▶ Material provided:

::::

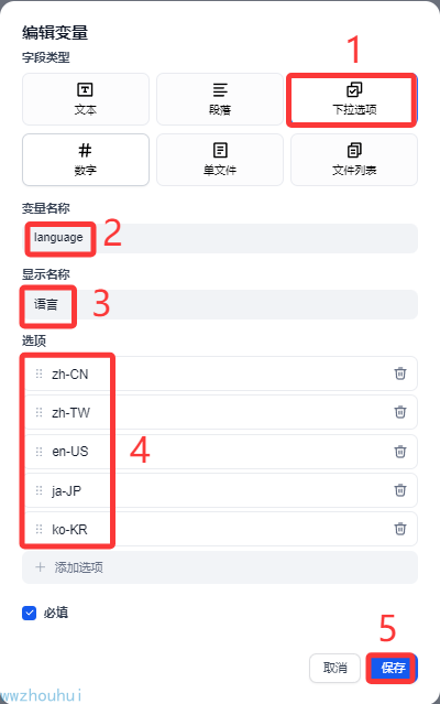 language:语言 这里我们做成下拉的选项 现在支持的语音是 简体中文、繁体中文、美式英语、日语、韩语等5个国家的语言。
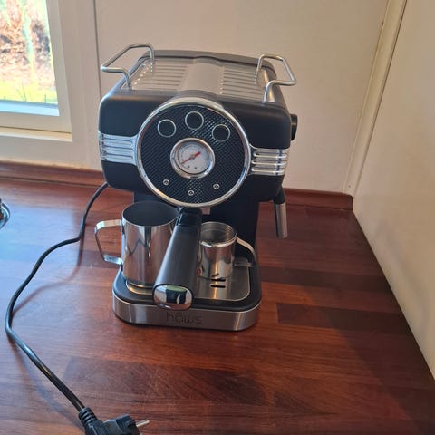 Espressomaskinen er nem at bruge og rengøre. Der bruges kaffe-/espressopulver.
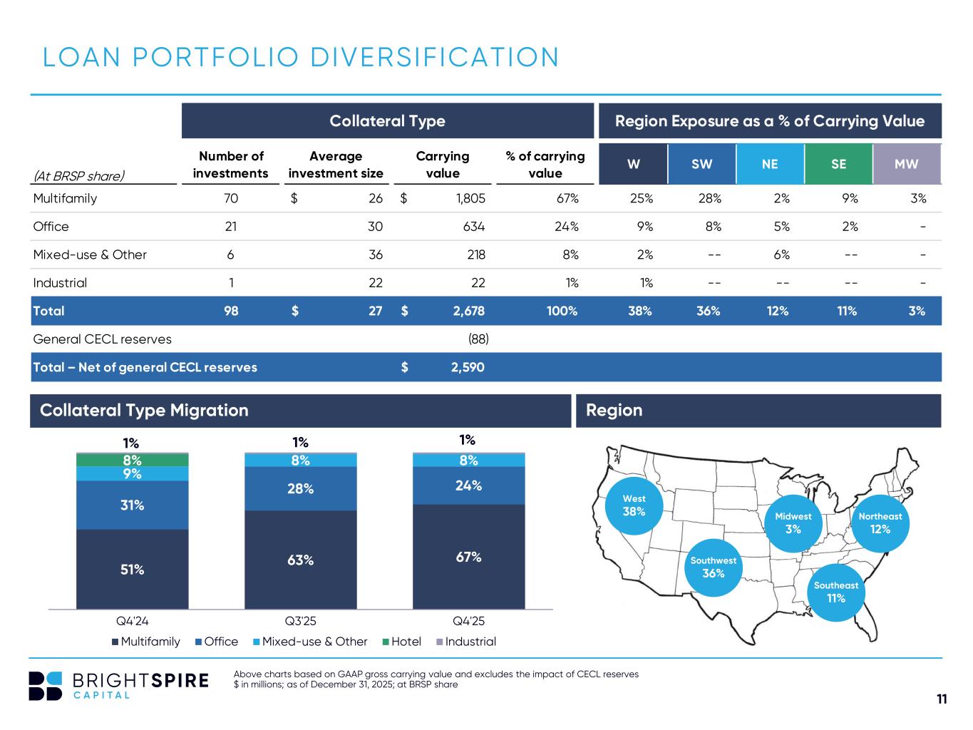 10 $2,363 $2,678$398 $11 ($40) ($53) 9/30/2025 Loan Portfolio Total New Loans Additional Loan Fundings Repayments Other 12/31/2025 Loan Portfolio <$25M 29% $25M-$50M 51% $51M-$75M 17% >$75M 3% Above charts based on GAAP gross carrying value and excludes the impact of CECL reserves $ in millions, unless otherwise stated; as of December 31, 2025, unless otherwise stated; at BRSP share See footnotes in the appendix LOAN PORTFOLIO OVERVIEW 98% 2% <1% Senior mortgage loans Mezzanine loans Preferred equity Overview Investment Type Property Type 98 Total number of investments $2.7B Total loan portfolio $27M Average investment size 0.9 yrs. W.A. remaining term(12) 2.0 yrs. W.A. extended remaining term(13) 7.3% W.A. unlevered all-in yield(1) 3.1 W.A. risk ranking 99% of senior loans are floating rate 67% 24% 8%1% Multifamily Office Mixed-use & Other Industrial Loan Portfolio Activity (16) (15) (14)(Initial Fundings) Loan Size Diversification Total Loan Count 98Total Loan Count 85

::::

Would you retype each line above exactly and skip every image?

▶ Answer to the exercise:
 language:语言 这里我们做成下拉的选项 现在支持的语音是 简体中文、繁体中文、美式英语、日语、韩语等5个国家的语言。
 Espressomaskinen er nem at bruge og rengøre. Der bruges kaffe-/espressopulver.
 10 $2,363 $2,678$398 $11 ($40) ($53) 9/30/2025 Loan Portfolio Total New Loans Additional Loan Fundings Repayments Other 12/31/2025 Loan Portfolio <$25M 29% $25M-$50M 51% $51M-$75M 17% >$75M 3% Above charts based on GAAP gross carrying value and excludes the impact of CECL reserves $ in millions, unless otherwise stated; as of December 31, 2025, unless otherwise stated; at BRSP share See footnotes in the appendix LOAN PORTFOLIO OVERVIEW 98% 2% <1% Senior mortgage loans Mezzanine loans Preferred equity Overview Investment Type Property Type 98 Total number of investments $2.7B Total loan portfolio $27M Average investment size 0.9 yrs. W.A. remaining term(12) 2.0 yrs. W.A. extended remaining term(13) 7.3% W.A. unlevered all-in yield(1) 3.1 W.A. risk ranking 99% of senior loans are floating rate 67% 24% 8%1% Multifamily Office Mixed-use & Other Industrial Loan Portfolio Activity (16) (15) (14)(Initial Fundings) Loan Size Diversification Total Loan Count 98Total Loan Count 85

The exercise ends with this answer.